Exercise requirements
Please print the entries exactly, omitting each image.

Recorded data

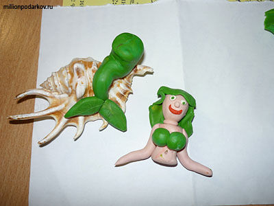 Поделки из ракушек и пластилина "Русалка"
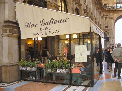 ミラノ大聖堂とスカラ座を結ぶガレリアのなかにあるBar Galleria 。店頭には「日本語メニューあり、手打ちパスタが自慢」みたいなことが書いてあって、他の店を探すのが面倒だったので入ったけれど、正直なとこ失敗だった。値段はやたら高いし、どう考えても手打ちとは思えないパスタ。席も狭いし、店員もなんか日本人を馬鹿にしている感じ。いいカモになっているんだろうなということを実感した。こういう場所の店は期待しちゃいけないんだろうけれど、それにしても大外れ。
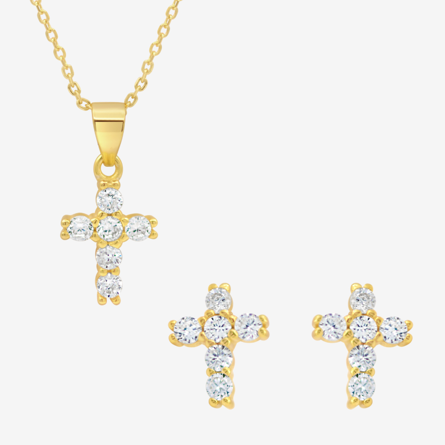 Shop the gold cross crystal jewellery set with K&Co. Silver round stones and matching earrings. A meaningful gold-tone faith jewellery gift.
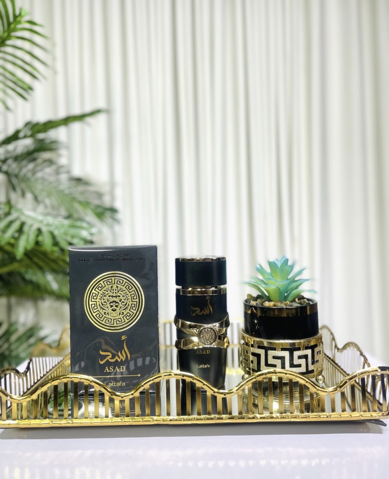 Yara is a sweet, powdery, and creamy oriental fragrance for women (notes of tropical fruits, orchid, vanilla), while Asad is a spicy, woody, and warm scent for men
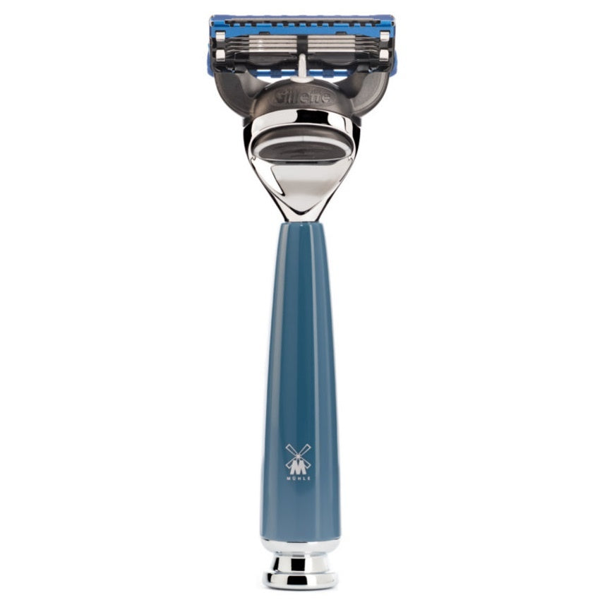 Muhle Fusion Scheermes Rytmo Petrol is een luxe scheermes van hoogwaardige kunststof hars en vijf precisiemesje met smeerstrips voor extra comfort. Het handvat van dit scheermes is gemaakt van hoogwaardig kunststof hars, waarvan het oppervlak individueel is bewerkt en verfijnd. Het materiaal is ideaal voor exclusieve accessoires en scheergerei, omdat het een breed spectrum van moderne en klassieke ontwerpen in vele aantrekkelijke kleuren mogelijk maakt. Dit scheermes bevat zachte, veilige en betrouwbare mesjes. De vijf boven elkaar geplaatste mesjes zorgen voor een zorgvuldige en grondige scheerbeurt die ook zacht is voor de huid. Het precisiemesje zorgt voor precieze contouren, terwijl comfortabele smeerstrips een nog gladder resultaat garanderen. Dankzij de eenvoudige en veilige bediening is dit systeem ideaal voor nieuwkomers.
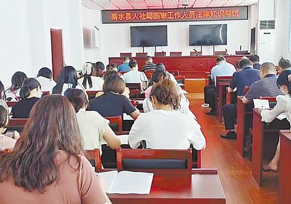 为敦促干部职工做尊法、学法、守法、用法的模范和表率,严格依照法定权限和程序行使权力、履行职责,8月1日上午,商水县人社局组织局机关87名干部职工进行了国家工作人员法律知识测试。图为县人社局干部职工正在进行答题。孙书 摄
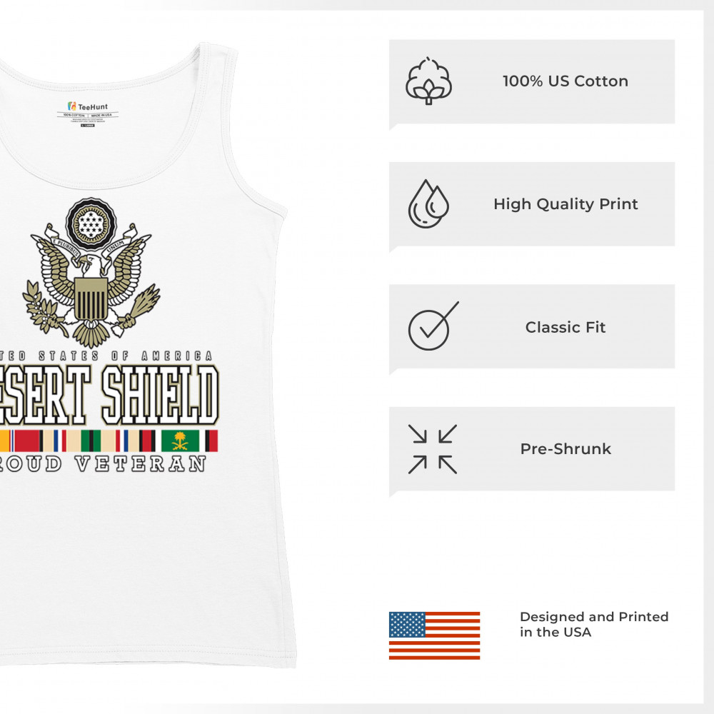 Wear your service with honor with our Desert Shield veteran design, a tribute to the valorous U.S. Army soldiers who stand for freedom, duty, and resilience.
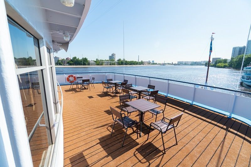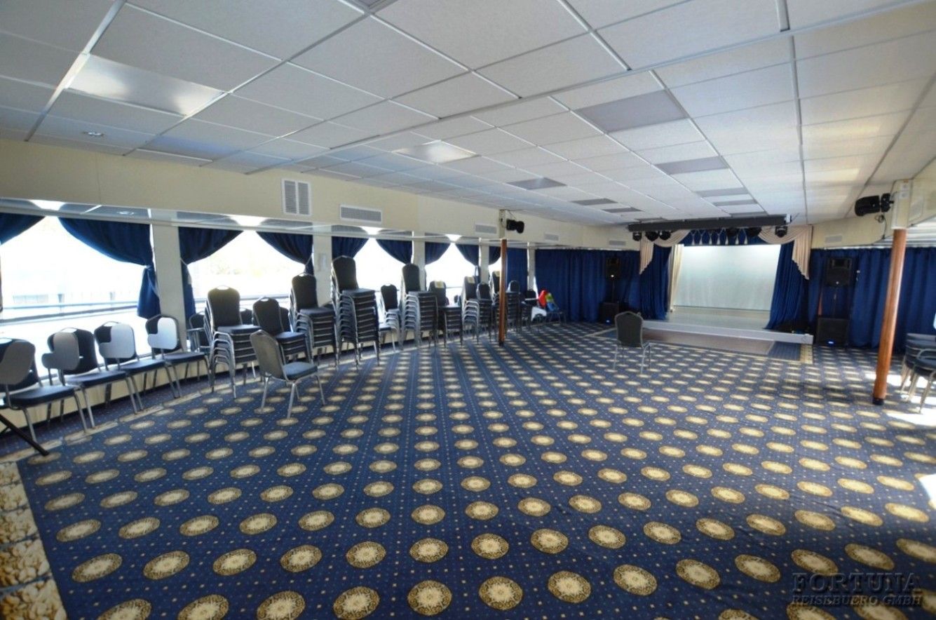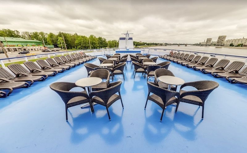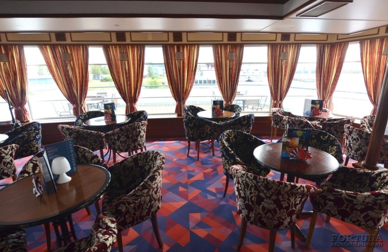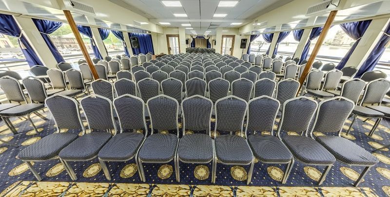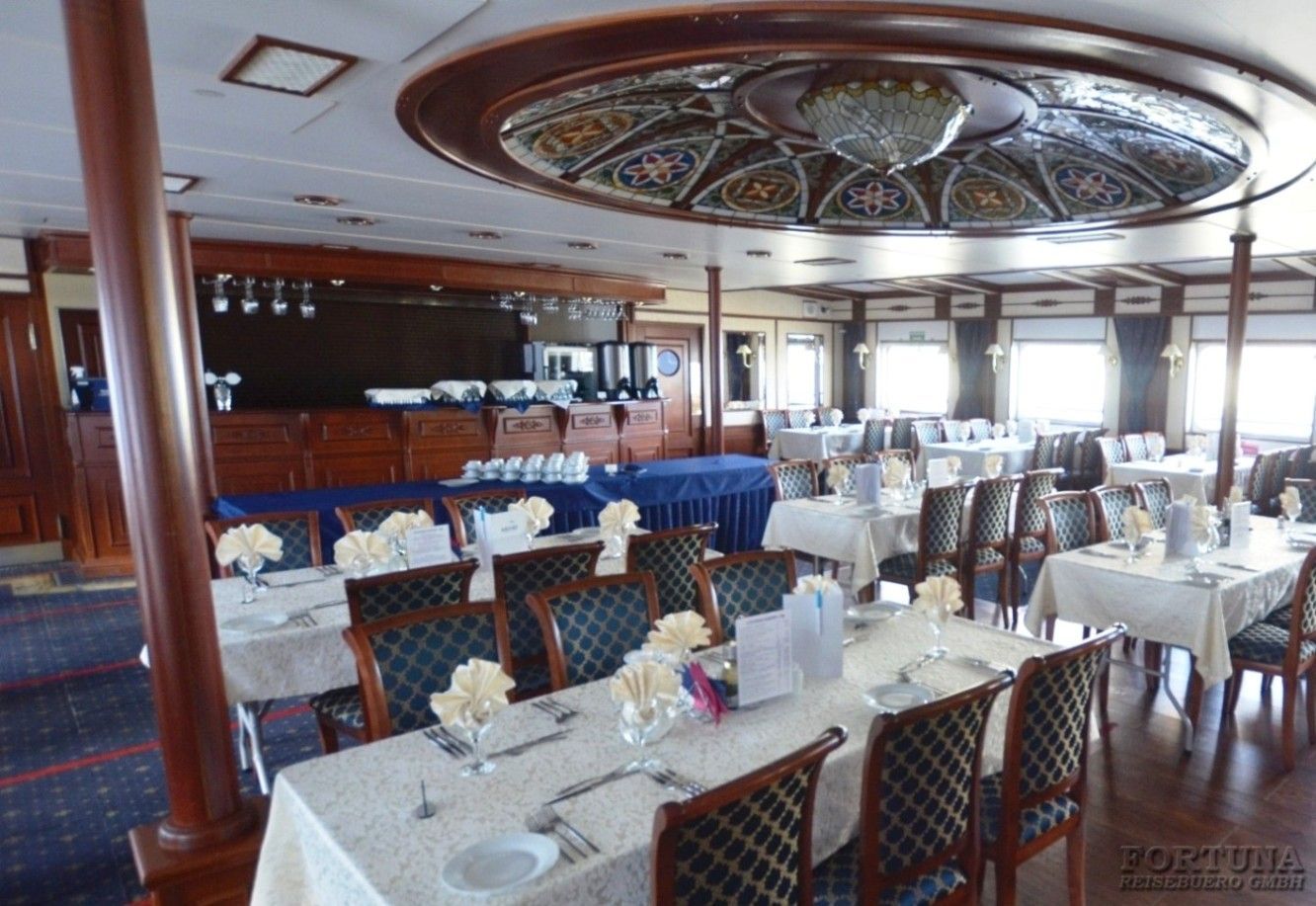 На борту комфортабельного теплохода, ранее работавшего с иностранными туристами, имеется просторный вестибюль со стойкой ресепшен. Приветливый администратор поможет вам с регистрацией на борту и доставкой багажа до забронированной каюты. На ресепшене вам выдадут ключи от каюты и экскурсионную программу круиза - наземные экскурсии можно будет выбрать согласно речному маршруту. Дополнительно вы получите специальные "кредитные карты", которыми можно будет расплатиться за дополнительные экскурсии, в баре и сувенирном киоске теплохода. Что очень удобно - нет надобности с собой на теплоходе носить деньги - все траты записываются на карту, а в конце круиза происходит взаиморасчет и оплата доп. услуг. Правила и условия узнавайте, пожалуйста, при регистрации на рейс на теплоходе.
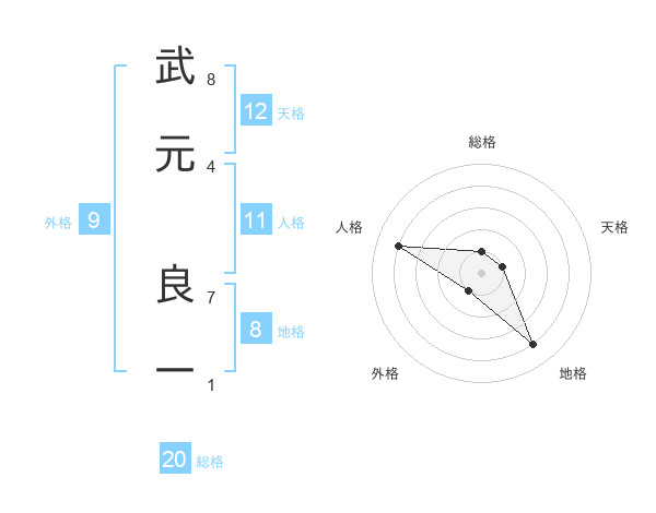 武元 良一さんの総格は20画の1点!
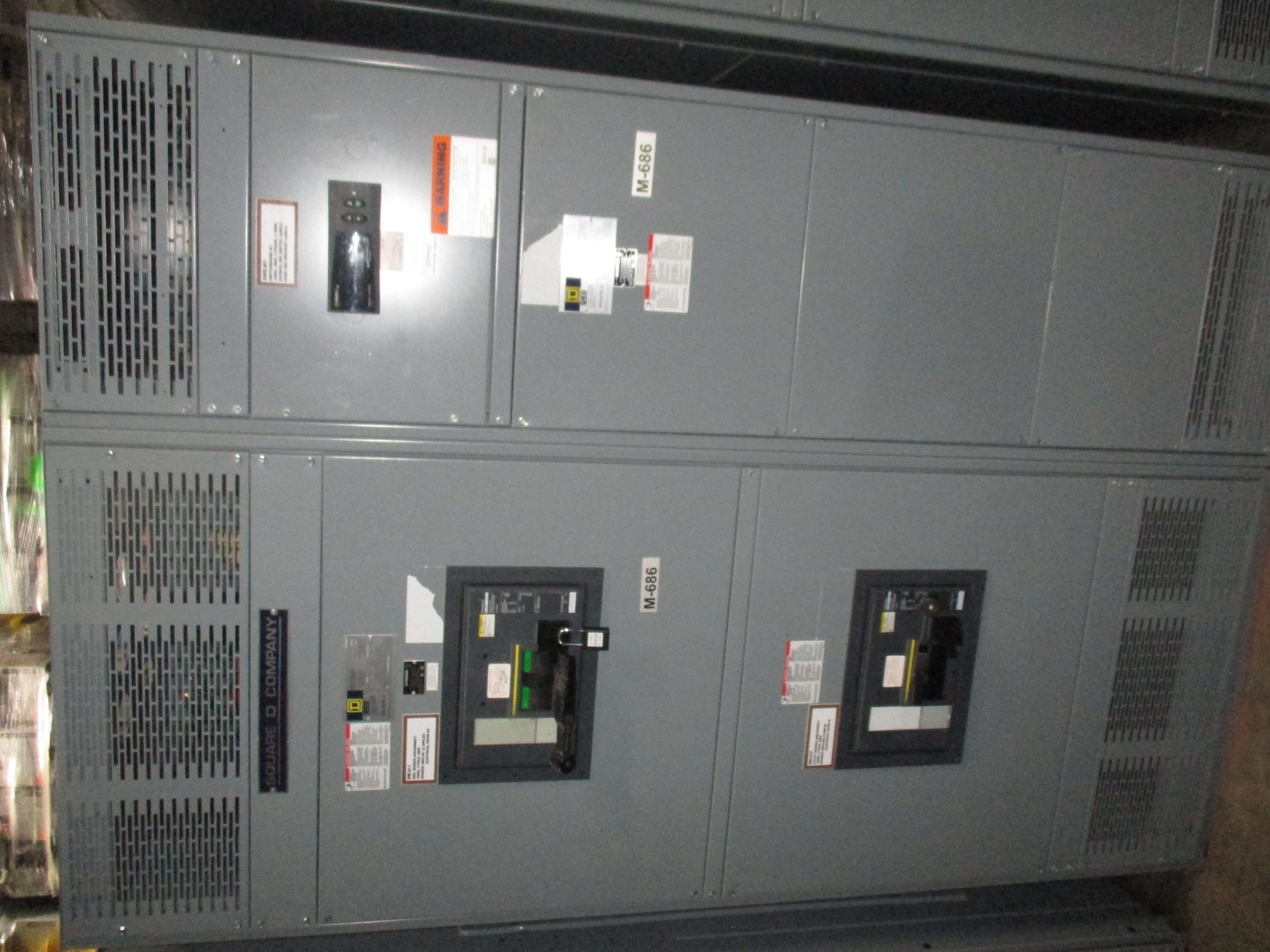 Square D QED Power Style Switchboard; 1600 amp, main lug only, 480 volt, 3 phase, 3 wire, NEMA 1 indoor rated. With (2) RL 1600 amp distribution breakers. Reconditioned & guaranteed with a one-year warranty.

Exercise solution
 Поделки из ракушек и пластилина "Русалка"
 ミラノ大聖堂とスカラ座を結ぶガレリアのなかにあるBar Galleria 。店頭には「日本語メニューあり、手打ちパスタが自慢」みたいなことが書いてあって、他の店を探すのが面倒だったので入ったけれど、正直なとこ失敗だった。値段はやたら高いし、どう考えても手打ちとは思えないパスタ。席も狭いし、店員もなんか日本人を馬鹿にしている感じ。いいカモになっているんだろうなということを実感した。こういう場所の店は期待しちゃいけないんだろうけれど、それにしても大外れ。
 Shop the gold cross crystal jewellery set with K&Co. Silver round stones and matching earrings. A meaningful gold-tone faith jewellery gift.
 Yara is a sweet, powdery, and creamy oriental fragrance for women (notes of tropical fruits, orchid, vanilla), while Asad is a spicy, woody, and warm scent for men
 Muhle Fusion Scheermes Rytmo Petrol is een luxe scheermes van hoogwaardige kunststof hars en vijf precisiemesje met smeerstrips voor extra comfort. Het handvat van dit scheermes is gemaakt van hoogwaardig kunststof hars, waarvan het oppervlak individueel is bewerkt en verfijnd. Het materiaal is ideaal voor exclusieve accessoires en scheergerei, omdat het een breed spectrum van moderne en klassieke ontwerpen in vele aantrekkelijke kleuren mogelijk maakt. Dit scheermes bevat zachte, veilige en betrouwbare mesjes. De vijf boven elkaar geplaatste mesjes zorgen voor een zorgvuldige en grondige scheerbeurt die ook zacht is voor de huid. Het precisiemesje zorgt voor precieze contouren, terwijl comfortabele smeerstrips een nog gladder resultaat garanderen. Dankzij de eenvoudige en veilige bediening is dit systeem ideaal voor nieuwkomers.
 为敦促干部职工做尊法、学法、守法、用法的模范和表率,严格依照法定权限和程序行使权力、履行职责,8月1日上午,商水县人社局组织局机关87名干部职工进行了国家工作人员法律知识测试。图为县人社局干部职工正在进行答题。孙书 摄
 Wear your service with honor with our Desert Shield veteran design, a tribute to the valorous U.S. Army soldiers who stand for freedom, duty, and resilience.
 На борту комфортабельного теплохода, ранее работавшего с иностранными туристами, имеется просторный вестибюль со стойкой ресепшен. Приветливый администратор поможет вам с регистрацией на борту и доставкой багажа до забронированной каюты. На ресепшене вам выдадут ключи от каюты и экскурсионную программу круиза - наземные экскурсии можно будет выбрать согласно речному маршруту. Дополнительно вы получите специальные "кредитные карты", которыми можно будет расплатиться за дополнительные экскурсии, в баре и сувенирном киоске теплохода. Что очень удобно - нет надобности с собой на теплоходе носить деньги - все траты записываются на карту, а в конце круиза происходит взаиморасчет и оплата доп. услуг. Правила и условия узнавайте, пожалуйста, при регистрации на рейс на теплоходе.
 武元 良一さんの総格は20画の1点!
 Square D QED Power Style Switchboard; 1600 amp, main lug only, 480 volt, 3 phase, 3 wire, NEMA 1 indoor rated. With (2) RL 1600 amp distribution breakers. Reconditioned & guaranteed with a one-year warranty.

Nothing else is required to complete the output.